Pictures do not belong in the copy; restate the records below word for word.

Dataset excerpts Start Marker

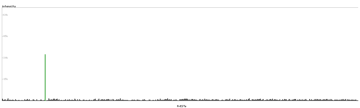 At the top of the view, the position of the antigen (identified by the corresponding HPA identifier) is shown as a green bar. A yellow triangle on the bar indicates a <100% sequence identity to the protein target.
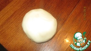 Я долго не вымешивала и больше ничего не подсыпала на стол, т. к. при этом кол-ве было уже понятно, что мастика хорошо раскатается. Кусочек получился не большой, но этого вполне достаточно обтянуть не большой торт.
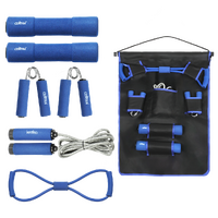 Enhance your fitness with our comprehensive resistance training kit. Ideal for fitness enthusiasts, it offers versatile workouts. All components fit neatly in the included bag, convenient for on-the-go use or organization. The figure eight resistance band is a standout, helping with shoulder stretching and relieving muscle tension. Handheld dumbbells are great for strengthening wrist power, popular among women and seniors. Target wrist muscles for better grip and stability, useful for daily tasks and recovery. The hand gripper enhances grip strength further, essential for lifting and typing. The jump rope boosts endurance and core strength, a convenient cardio tool anywhere. Start your fitness journey today and step towards a healthier, stronger you.
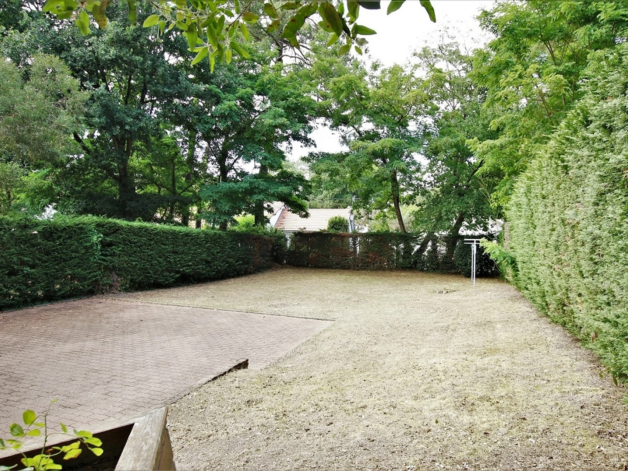 Le terrain clos de 830 m² comprend un espace pavé autour de la maison, un jardin arboré, un terrain de pétanque, ainsi qu’un garage.
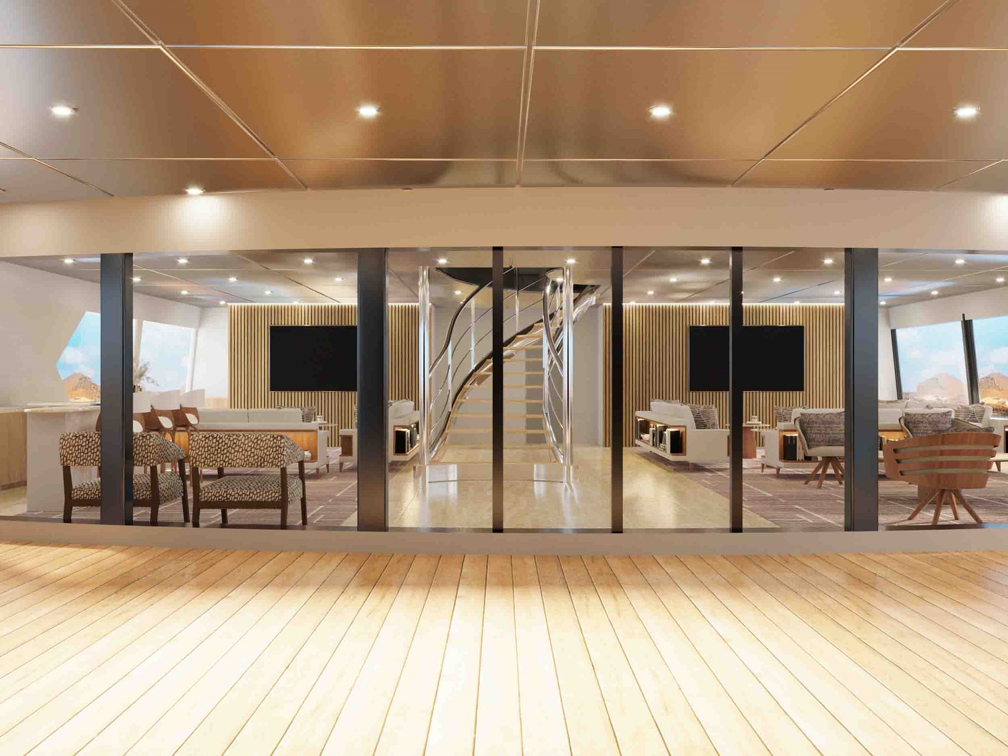 The upper deck dining room is a lovely airy space for guests to enjoy meals inside if the weather makes it necessary. The panoramic/bridge deck offers a semi-open sit up bar and crew service area to enable seamless guest service. Forward on the bridge deck is the crew accommodation and hi-tech wheelhouse.
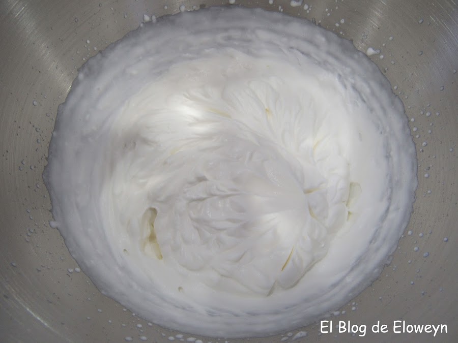Podéis montar la nata (crema de leche) manualmente (es una faena... jajaja), o con un robot de cocina. Yo usé una Kitchenaid, que va fenomenal para estas cosas. Para que la nata (crema de leche) monte bien debe estar bien fría. Hay gente que incluso pone el recipiente donde la va a montar en la nevera. En mi caso no puse el recipiente en la nevera, el bol de la Kitchenaid es enorme, y no cabía de ninguna forma... jajaja.
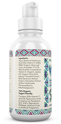 - • Concentrated, quality Ingredients – Formulated with only the highest quality natural & organic ingredients, and nothing more. Our serum contains botanical Hyaluronic Acid, MSM, Organic Aloe Vera, Vitamin E, Organic Jojoba Oil and organic extracts. Gentle enough to use around the eye area, neck and décolleté both day and night.
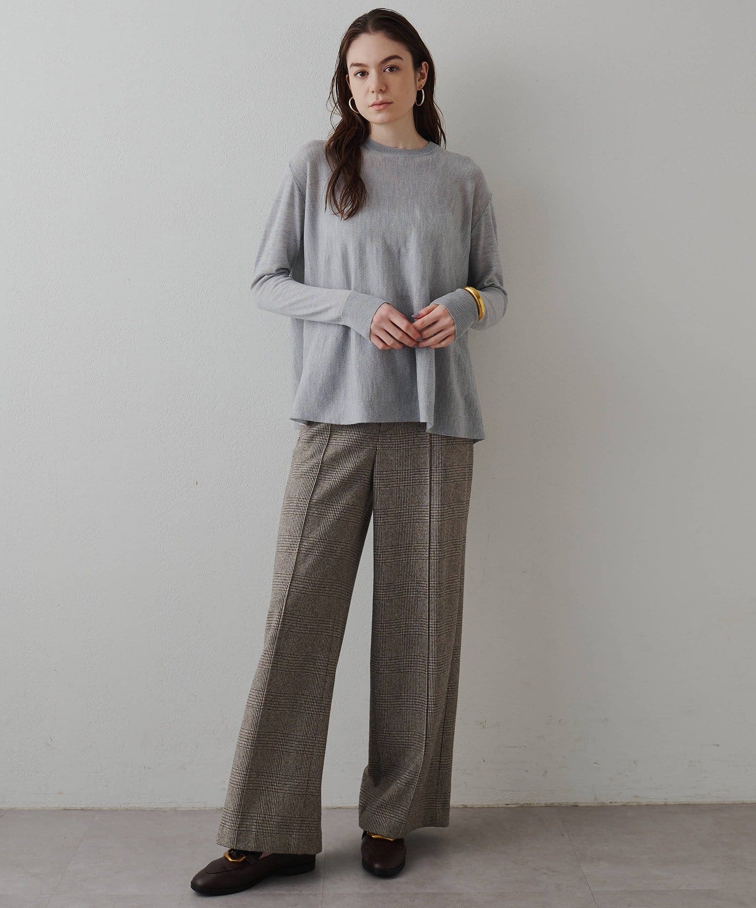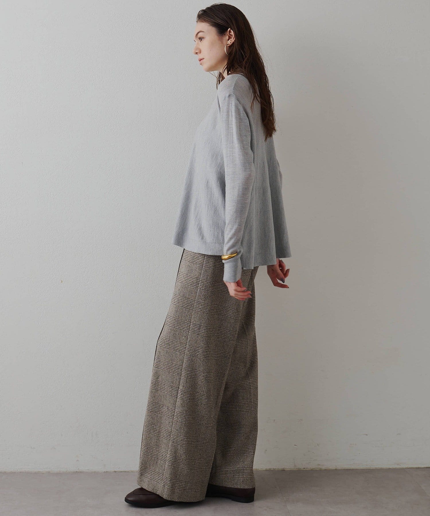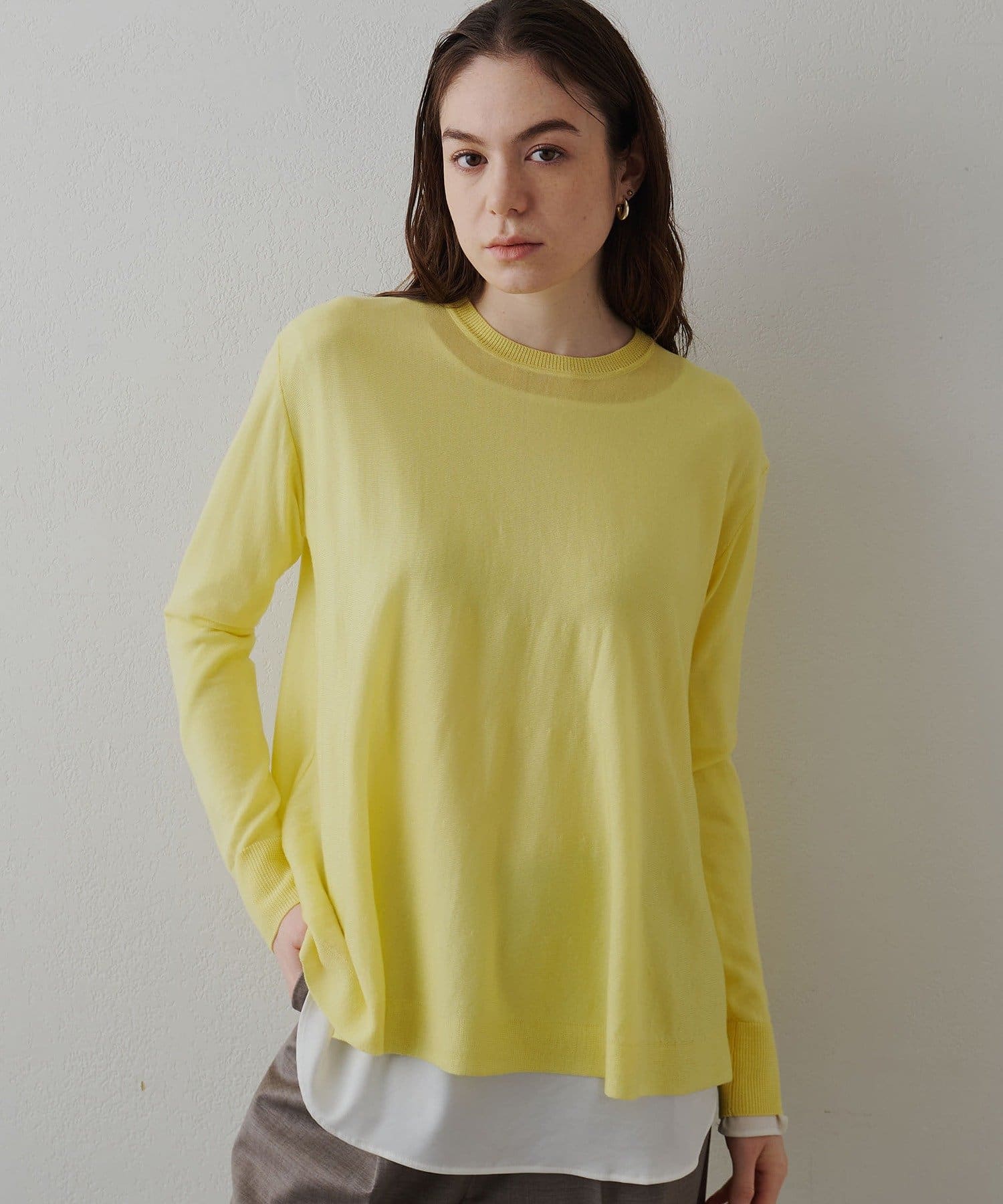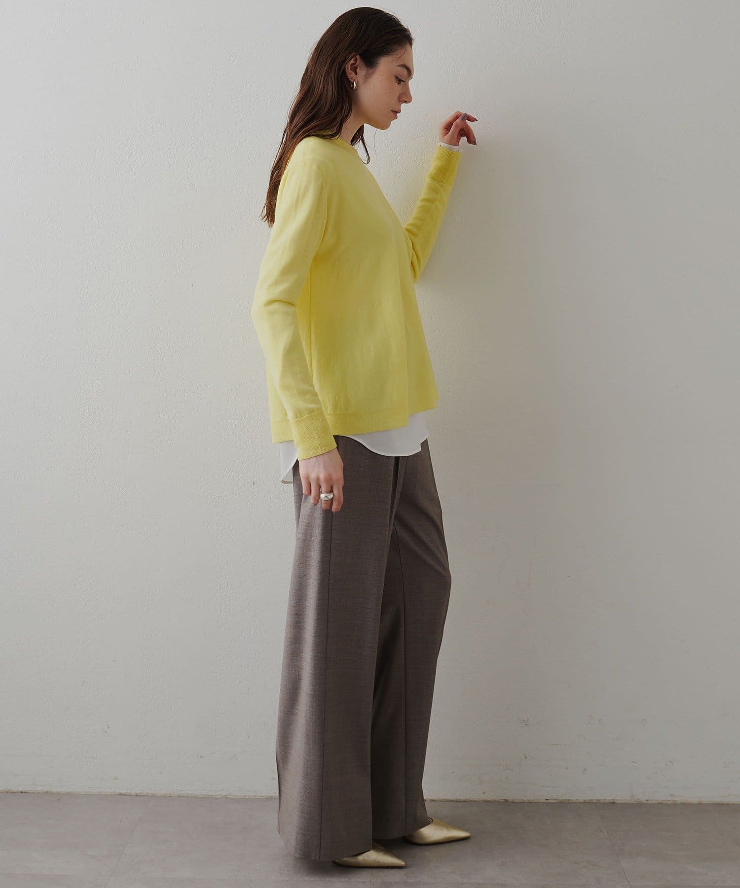 ■裾に向かって広がるAラインシルエットのクルーネックニットプルオーバー。

Dataset excerpts End Marker

**Written response**
 At the top of the view, the position of the antigen (identified by the corresponding HPA identifier) is shown as a green bar. A yellow triangle on the bar indicates a <100% sequence identity to the protein target.
 Я долго не вымешивала и больше ничего не подсыпала на стол, т. к. при этом кол-ве было уже понятно, что мастика хорошо раскатается. Кусочек получился не большой, но этого вполне достаточно обтянуть не большой торт.
 Enhance your fitness with our comprehensive resistance training kit. Ideal for fitness enthusiasts, it offers versatile workouts. All components fit neatly in the included bag, convenient for on-the-go use or organization. The figure eight resistance band is a standout, helping with shoulder stretching and relieving muscle tension. Handheld dumbbells are great for strengthening wrist power, popular among women and seniors. Target wrist muscles for better grip and stability, useful for daily tasks and recovery. The hand gripper enhances grip strength further, essential for lifting and typing. The jump rope boosts endurance and core strength, a convenient cardio tool anywhere. Start your fitness journey today and step towards a healthier, stronger you.
 Le terrain clos de 830 m² comprend un espace pavé autour de la maison, un jardin arboré, un terrain de pétanque, ainsi qu’un garage.
 The upper deck dining room is a lovely airy space for guests to enjoy meals inside if the weather makes it necessary. The panoramic/bridge deck offers a semi-open sit up bar and crew service area to enable seamless guest service. Forward on the bridge deck is the crew accommodation and hi-tech wheelhouse.
Podéis montar la nata (crema de leche) manualmente (es una faena... jajaja), o con un robot de cocina. Yo usé una Kitchenaid, que va fenomenal para estas cosas. Para que la nata (crema de leche) monte bien debe estar bien fría. Hay gente que incluso pone el recipiente donde la va a montar en la nevera. En mi caso no puse el recipiente en la nevera, el bol de la Kitchenaid es enorme, y no cabía de ninguna forma... jajaja.
 - • Concentrated, quality Ingredients – Formulated with only the highest quality natural & organic ingredients, and nothing more. Our serum contains botanical Hyaluronic Acid, MSM, Organic Aloe Vera, Vitamin E, Organic Jojoba Oil and organic extracts. Gentle enough to use around the eye area, neck and décolleté both day and night.
 ■裾に向かって広がるAラインシルエットのクルーネックニットプルオーバー。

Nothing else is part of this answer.